Input: A = 3521, B = 2452, C = 1352
Output: 3552
Explanation:

  1. The maximum of the digits that are at 1th place is equal to max(A[3] = 1, B[3] = 2, C[3] = 2) 2.
  2. The maximum of the digits that are at 10th place is equal to max(A[2] = 2, B[2] = 5, C[2] = 5) 5.
  3. The maximum of the digits that are at 100th place is equal to max(A[1] = 5, B[1] = 4, C[1] = 3) 5.
  4. The maximum of the digits that are at 1000th place is equal to max(A[0] = 3, B[0] = 3, C[0] = 1) 3.

Therefore, the number formed is 3552.

Input: A = 11, B = 12, C = 22
Output: 22

Approach: The problem can be solved by iterating over the digits of the given integers.

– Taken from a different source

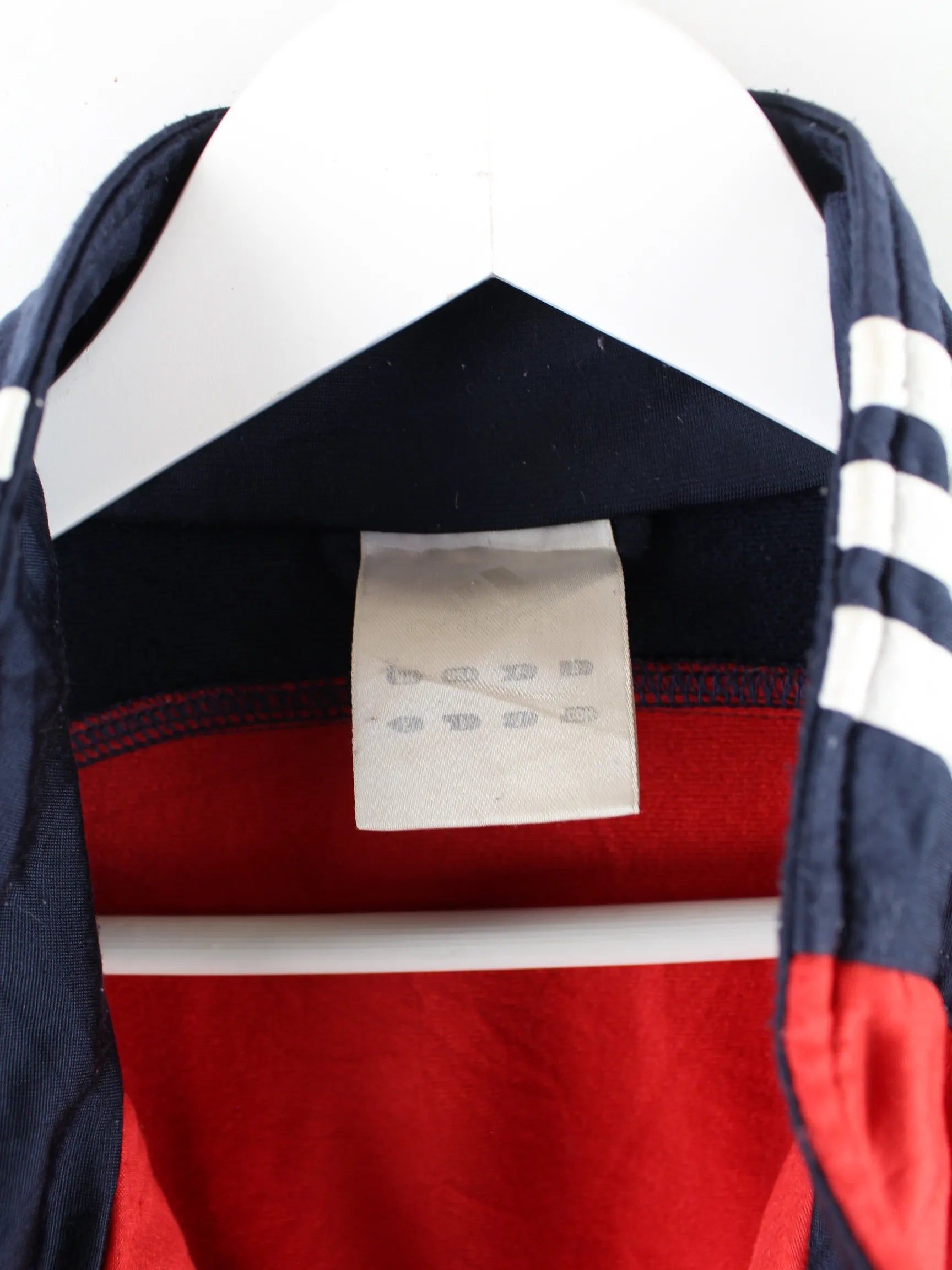 Rote Trainingsjacke mit Stick vom Brand Adidas in Größe XXL. Sie ist aus Synthetik gemacht und in sehr gutem Zustand im Bestand.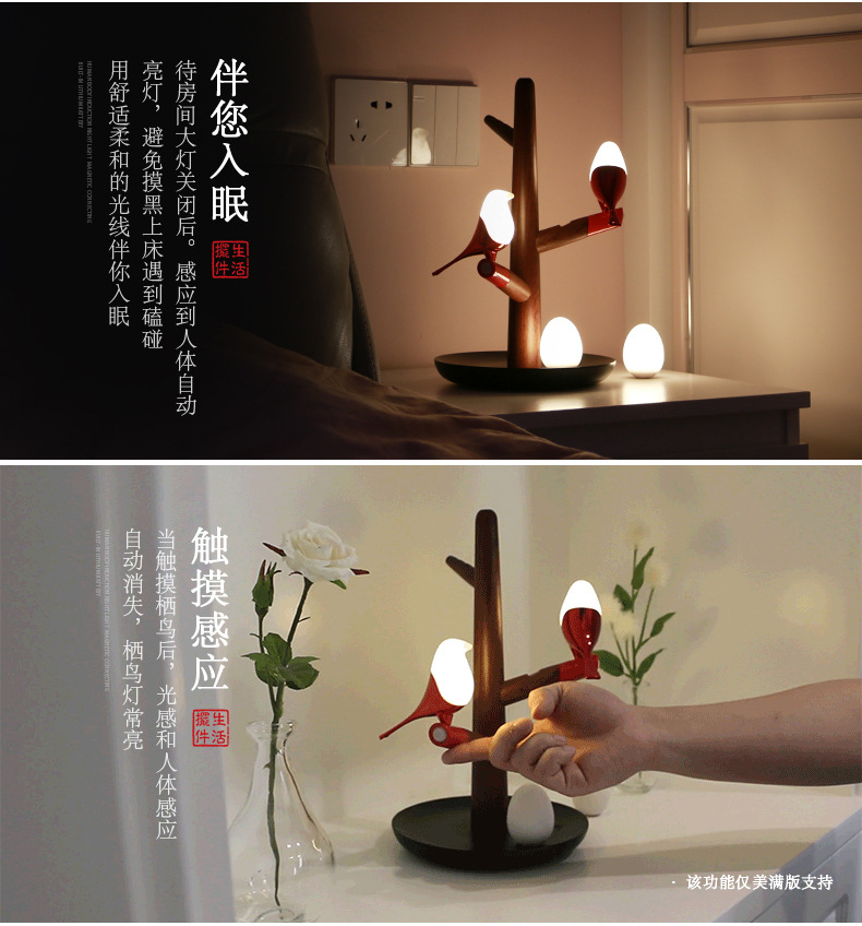 喜上梢智能感应灯置物收纳摆件架光控小鸟树枝磁吸小夜灯 高级礼品

Follow the steps below to solve the problem:

  • Initialize a variable, say ans as 0 and P as 1 to store the maximum number possible and the position value of a digit.
  • Iterate until A, B and C are greater than 0 and perform the following steps:
    • Find the digits at the unit places of the numbers A, B, and C and store them in variables say a, b and c respectively.
    • Update A to A/10, B to B/10, and C to C/10.
    • Increment ans by the P*max(a, b, c) and then update P to P*10.
  • Finally, after completing the above steps, print the answer stored in ans.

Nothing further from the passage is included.